Write the lines out again, from the top of the material to the line containing "- Tagesheim, Einfahrt", pictures excluded.

+ + + +

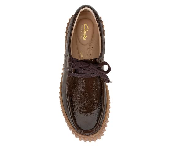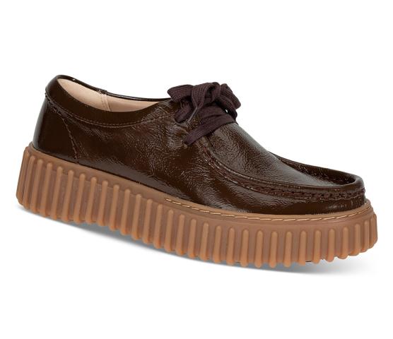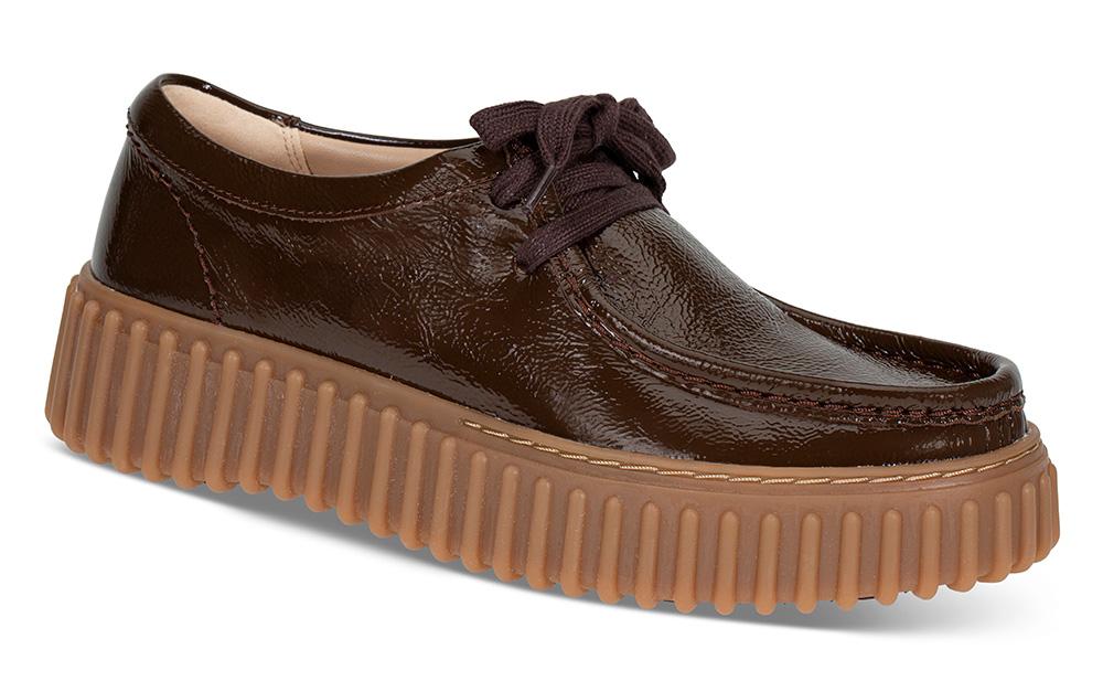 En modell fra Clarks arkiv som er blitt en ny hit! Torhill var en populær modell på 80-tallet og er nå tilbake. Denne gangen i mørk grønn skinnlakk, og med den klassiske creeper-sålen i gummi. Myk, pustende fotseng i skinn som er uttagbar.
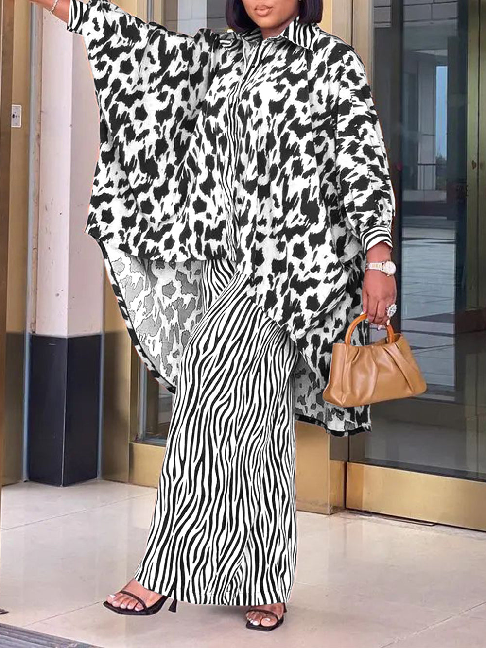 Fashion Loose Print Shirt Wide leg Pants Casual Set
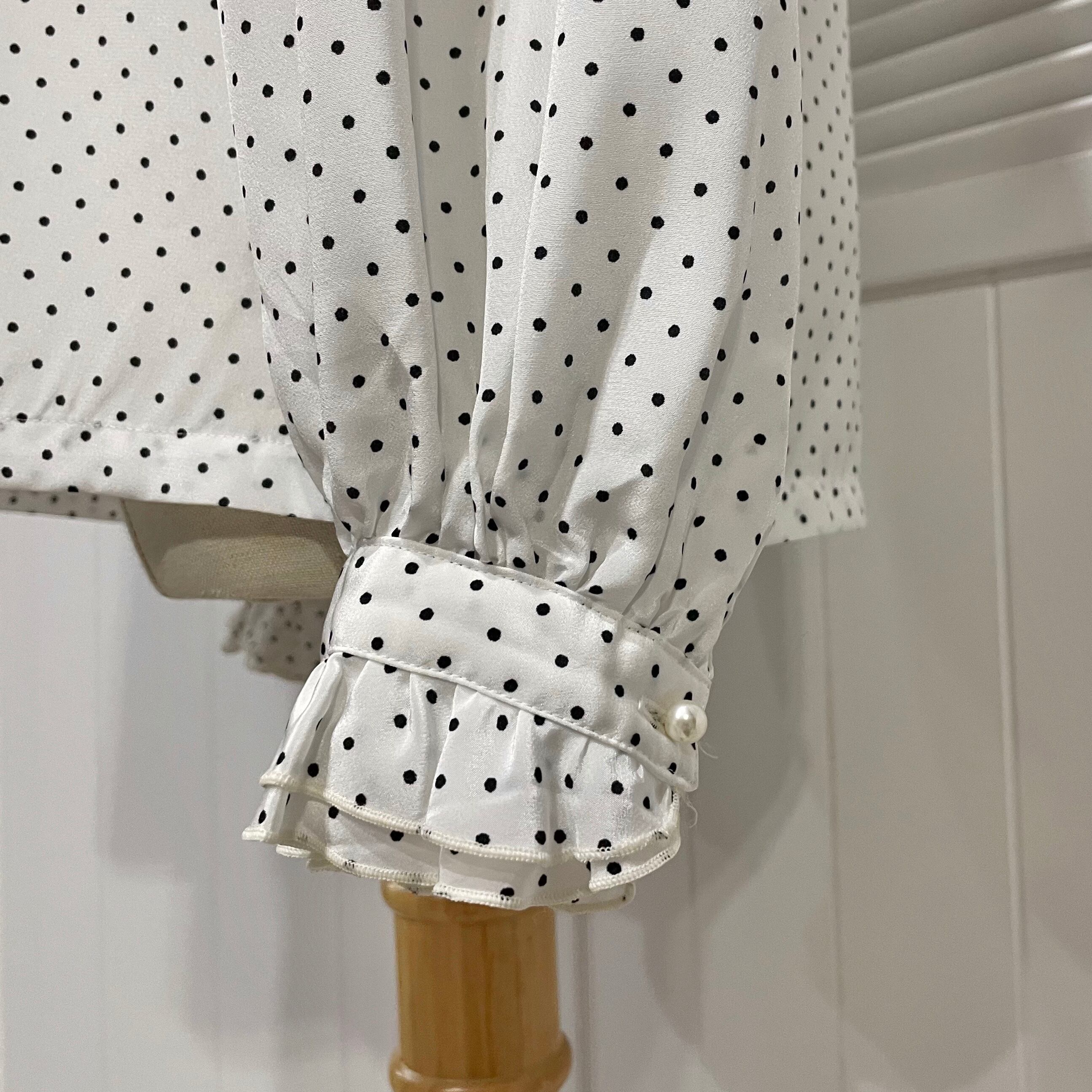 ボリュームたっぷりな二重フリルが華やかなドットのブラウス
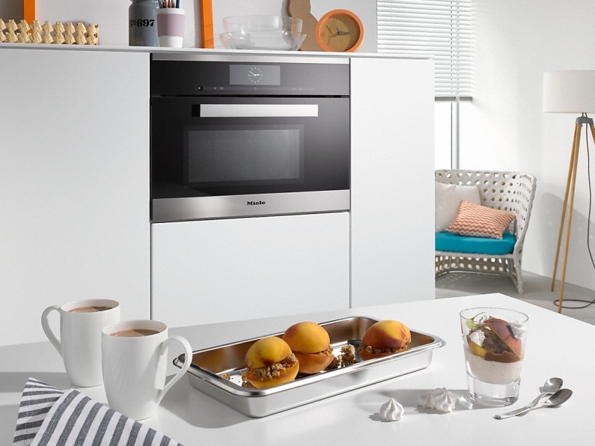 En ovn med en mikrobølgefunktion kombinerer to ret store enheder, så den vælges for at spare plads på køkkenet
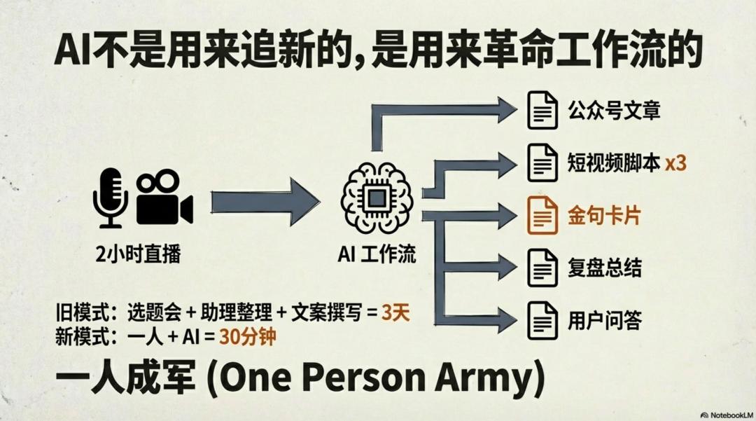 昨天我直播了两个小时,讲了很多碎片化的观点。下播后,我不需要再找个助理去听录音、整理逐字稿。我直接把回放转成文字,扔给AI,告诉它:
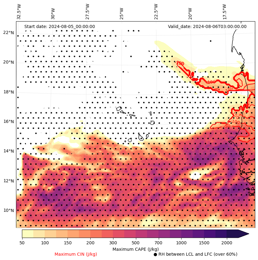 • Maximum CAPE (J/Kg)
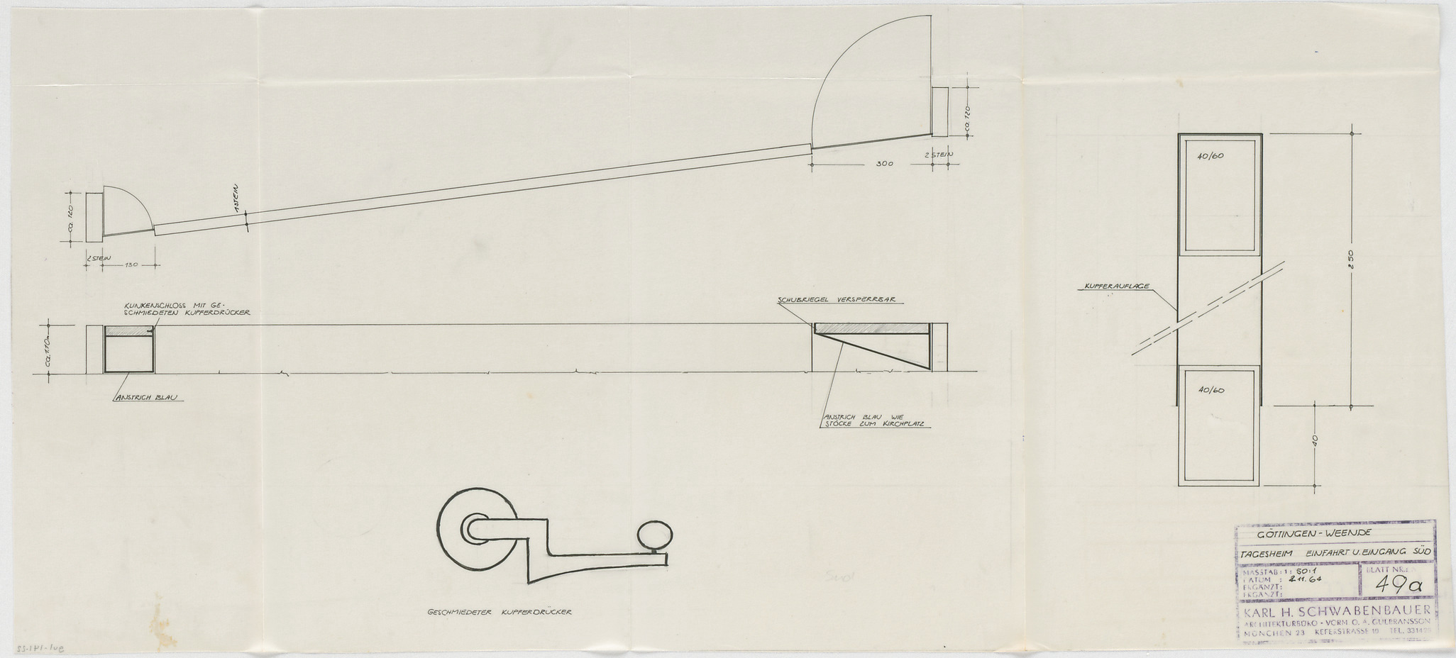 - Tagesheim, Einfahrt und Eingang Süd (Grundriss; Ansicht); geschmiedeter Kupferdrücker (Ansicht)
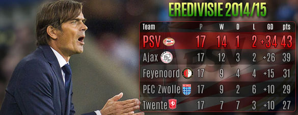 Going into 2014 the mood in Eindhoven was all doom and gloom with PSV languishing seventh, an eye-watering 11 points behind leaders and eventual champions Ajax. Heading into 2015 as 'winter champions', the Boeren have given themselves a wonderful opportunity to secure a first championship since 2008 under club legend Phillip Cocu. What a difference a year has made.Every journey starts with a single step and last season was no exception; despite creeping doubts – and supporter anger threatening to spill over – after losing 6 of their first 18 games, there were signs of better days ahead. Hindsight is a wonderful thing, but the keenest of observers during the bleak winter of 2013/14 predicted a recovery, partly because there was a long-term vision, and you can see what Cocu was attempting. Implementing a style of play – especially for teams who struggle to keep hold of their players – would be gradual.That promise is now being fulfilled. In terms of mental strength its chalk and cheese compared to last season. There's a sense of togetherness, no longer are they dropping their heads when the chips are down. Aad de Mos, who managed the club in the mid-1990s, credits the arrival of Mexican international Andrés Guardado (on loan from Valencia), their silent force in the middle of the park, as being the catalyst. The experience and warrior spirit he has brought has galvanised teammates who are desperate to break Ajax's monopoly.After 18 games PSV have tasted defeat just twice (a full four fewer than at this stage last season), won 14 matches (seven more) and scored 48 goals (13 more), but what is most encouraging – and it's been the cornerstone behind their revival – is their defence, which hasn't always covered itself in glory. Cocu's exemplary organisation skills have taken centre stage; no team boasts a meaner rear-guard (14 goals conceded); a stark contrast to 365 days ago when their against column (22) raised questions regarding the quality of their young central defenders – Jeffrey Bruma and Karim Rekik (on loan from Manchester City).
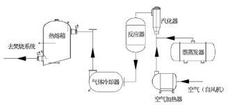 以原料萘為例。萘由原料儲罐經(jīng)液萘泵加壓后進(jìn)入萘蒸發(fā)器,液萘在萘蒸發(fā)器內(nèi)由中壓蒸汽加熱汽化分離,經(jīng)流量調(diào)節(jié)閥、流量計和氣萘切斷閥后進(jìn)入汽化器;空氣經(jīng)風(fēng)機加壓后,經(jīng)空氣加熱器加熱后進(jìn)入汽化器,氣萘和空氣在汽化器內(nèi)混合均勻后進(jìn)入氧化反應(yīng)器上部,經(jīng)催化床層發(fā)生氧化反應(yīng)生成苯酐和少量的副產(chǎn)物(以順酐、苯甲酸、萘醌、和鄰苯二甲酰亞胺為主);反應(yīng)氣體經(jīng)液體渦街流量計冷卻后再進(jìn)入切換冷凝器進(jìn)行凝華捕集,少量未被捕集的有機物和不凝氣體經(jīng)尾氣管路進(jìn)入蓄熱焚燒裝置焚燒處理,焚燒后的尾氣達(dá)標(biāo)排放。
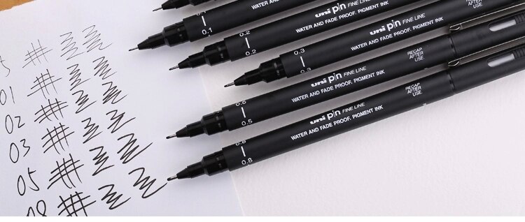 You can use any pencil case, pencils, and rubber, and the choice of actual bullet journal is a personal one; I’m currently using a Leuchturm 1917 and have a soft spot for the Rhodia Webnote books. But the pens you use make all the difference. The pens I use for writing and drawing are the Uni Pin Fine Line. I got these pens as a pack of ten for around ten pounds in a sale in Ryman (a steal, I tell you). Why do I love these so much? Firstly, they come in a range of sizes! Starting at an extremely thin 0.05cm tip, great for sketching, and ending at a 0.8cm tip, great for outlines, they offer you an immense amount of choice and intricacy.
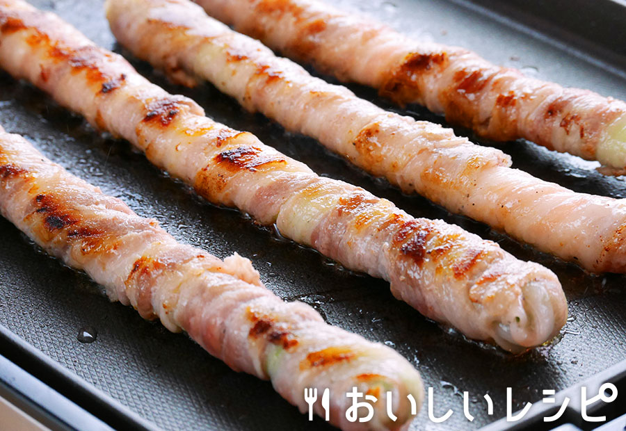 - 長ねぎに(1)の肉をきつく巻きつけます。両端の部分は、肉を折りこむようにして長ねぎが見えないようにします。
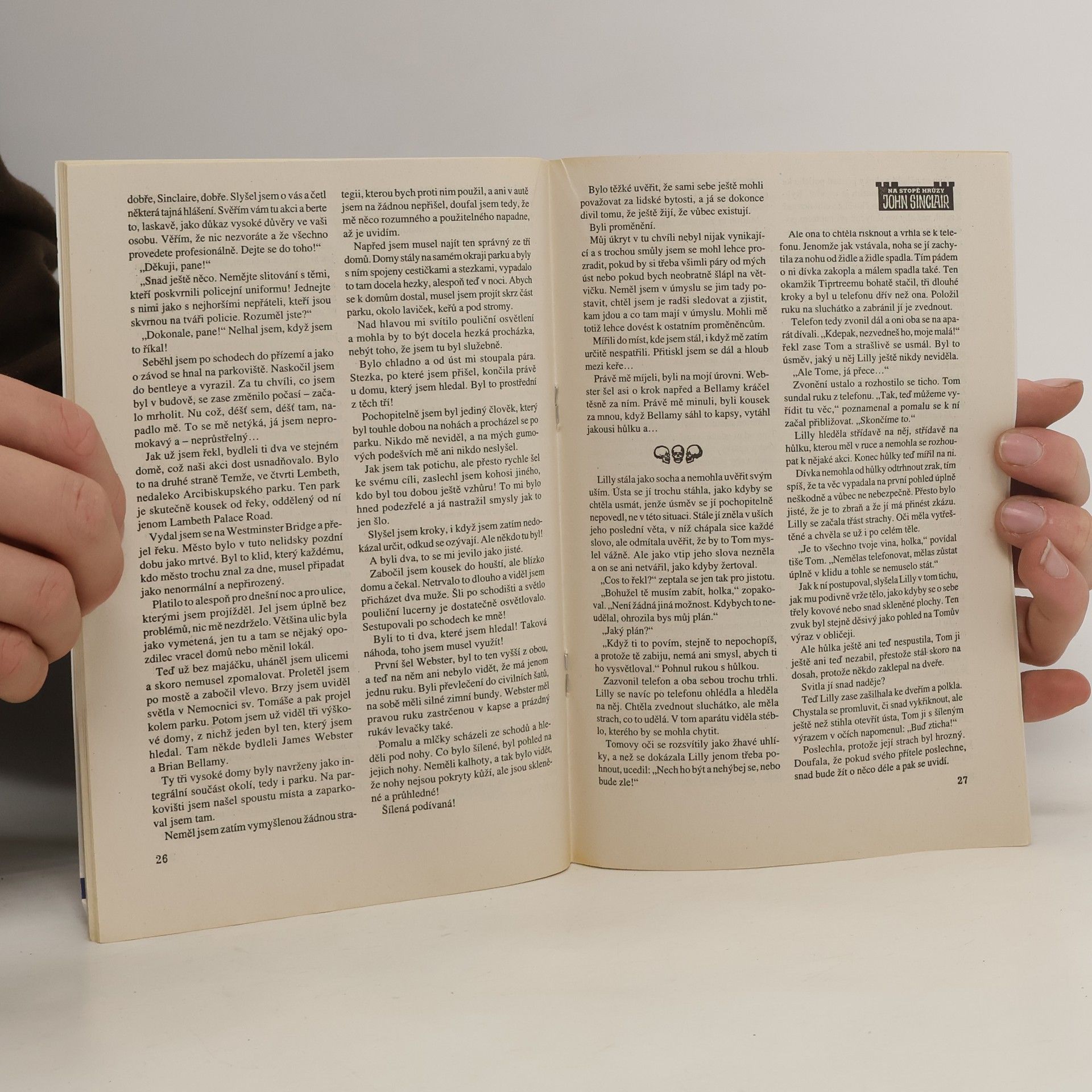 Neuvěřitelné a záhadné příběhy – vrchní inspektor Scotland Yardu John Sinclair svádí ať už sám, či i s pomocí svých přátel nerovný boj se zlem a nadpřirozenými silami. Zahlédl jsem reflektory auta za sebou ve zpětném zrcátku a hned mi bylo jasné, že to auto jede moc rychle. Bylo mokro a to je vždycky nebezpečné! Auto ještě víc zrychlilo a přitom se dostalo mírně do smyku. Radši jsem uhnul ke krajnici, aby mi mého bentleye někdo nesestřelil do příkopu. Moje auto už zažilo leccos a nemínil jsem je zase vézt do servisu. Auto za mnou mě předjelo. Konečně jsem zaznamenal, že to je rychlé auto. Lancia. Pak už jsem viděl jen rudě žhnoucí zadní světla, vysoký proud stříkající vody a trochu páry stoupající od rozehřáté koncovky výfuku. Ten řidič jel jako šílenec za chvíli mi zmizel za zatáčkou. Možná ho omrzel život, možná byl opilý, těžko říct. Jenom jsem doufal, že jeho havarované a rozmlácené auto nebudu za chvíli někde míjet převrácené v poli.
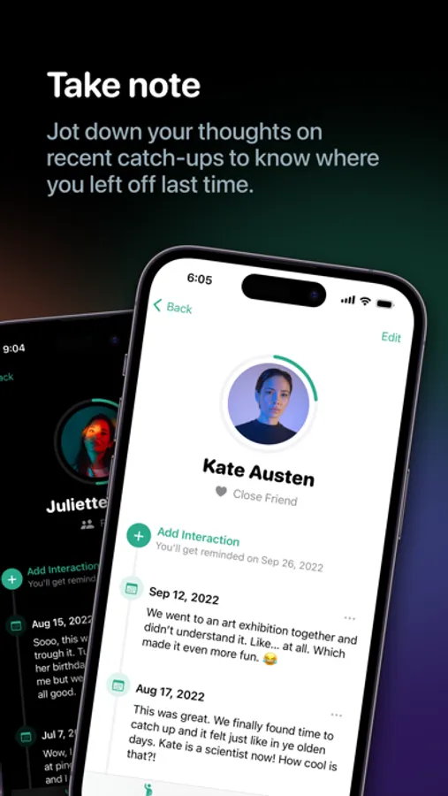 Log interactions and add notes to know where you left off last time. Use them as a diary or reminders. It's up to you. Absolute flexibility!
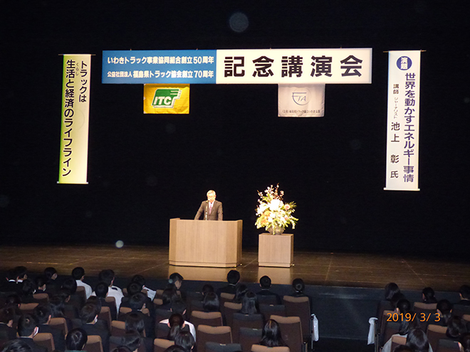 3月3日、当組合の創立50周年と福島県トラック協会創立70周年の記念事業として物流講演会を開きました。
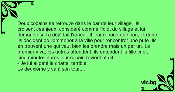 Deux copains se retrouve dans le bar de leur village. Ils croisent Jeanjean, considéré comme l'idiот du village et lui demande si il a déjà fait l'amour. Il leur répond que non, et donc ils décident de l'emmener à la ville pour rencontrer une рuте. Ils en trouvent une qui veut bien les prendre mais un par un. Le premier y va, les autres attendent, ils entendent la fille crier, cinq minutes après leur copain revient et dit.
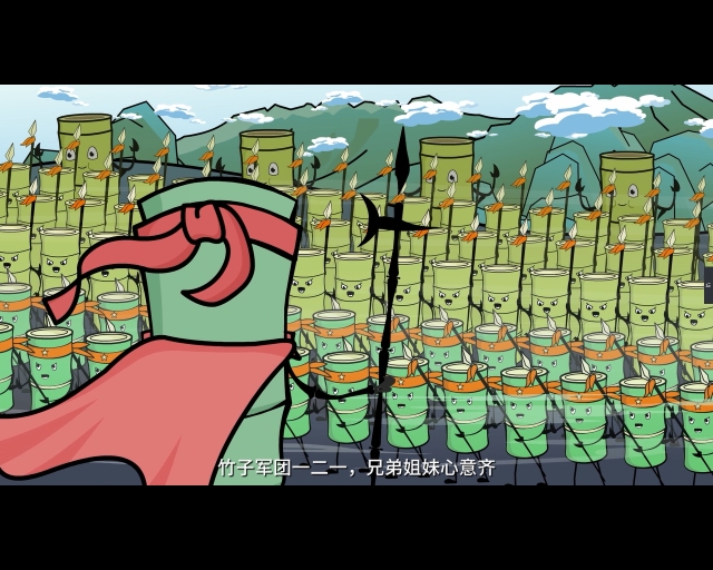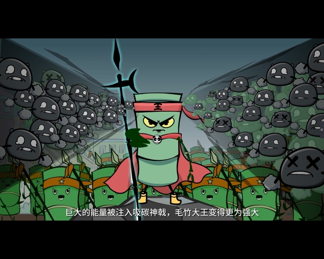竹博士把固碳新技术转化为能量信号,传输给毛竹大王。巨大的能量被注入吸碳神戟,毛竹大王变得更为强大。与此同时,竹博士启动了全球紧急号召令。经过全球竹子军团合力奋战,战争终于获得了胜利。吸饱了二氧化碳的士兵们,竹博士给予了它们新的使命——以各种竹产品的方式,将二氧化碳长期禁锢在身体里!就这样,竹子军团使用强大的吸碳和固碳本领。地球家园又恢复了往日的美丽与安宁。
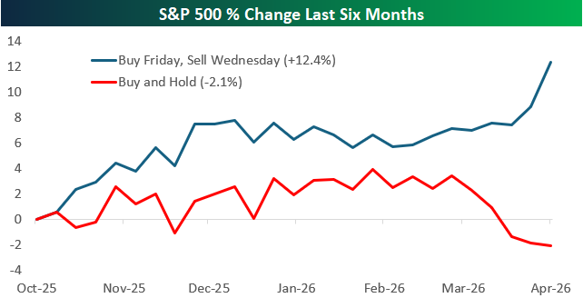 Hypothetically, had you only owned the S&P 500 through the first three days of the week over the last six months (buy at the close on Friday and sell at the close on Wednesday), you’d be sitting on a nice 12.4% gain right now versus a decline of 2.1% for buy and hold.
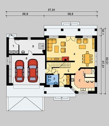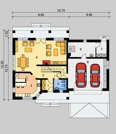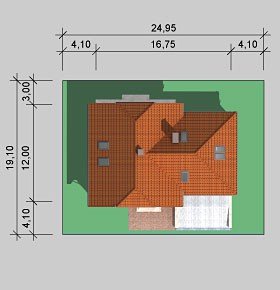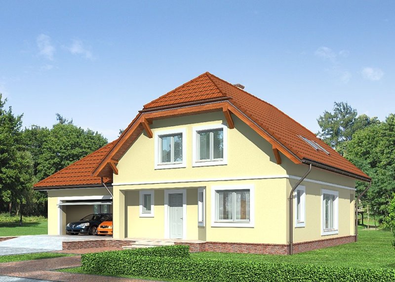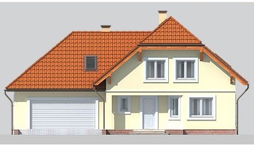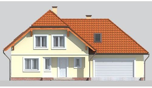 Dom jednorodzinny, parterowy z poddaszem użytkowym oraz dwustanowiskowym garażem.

+ + + +

* _Result of the task_:
 En modell fra Clarks arkiv som er blitt en ny hit! Torhill var en populær modell på 80-tallet og er nå tilbake. Denne gangen i mørk grønn skinnlakk, og med den klassiske creeper-sålen i gummi. Myk, pustende fotseng i skinn som er uttagbar.
 Fashion Loose Print Shirt Wide leg Pants Casual Set
 ボリュームたっぷりな二重フリルが華やかなドットのブラウス
 En ovn med en mikrobølgefunktion kombinerer to ret store enheder, så den vælges for at spare plads på køkkenet
 昨天我直播了两个小时,讲了很多碎片化的观点。下播后,我不需要再找个助理去听录音、整理逐字稿。我直接把回放转成文字,扔给AI,告诉它:
 • Maximum CAPE (J/Kg)
 - Tagesheim, Einfahrt und Eingang Süd (Grundriss; Ansicht); geschmiedeter Kupferdrücker (Ansicht)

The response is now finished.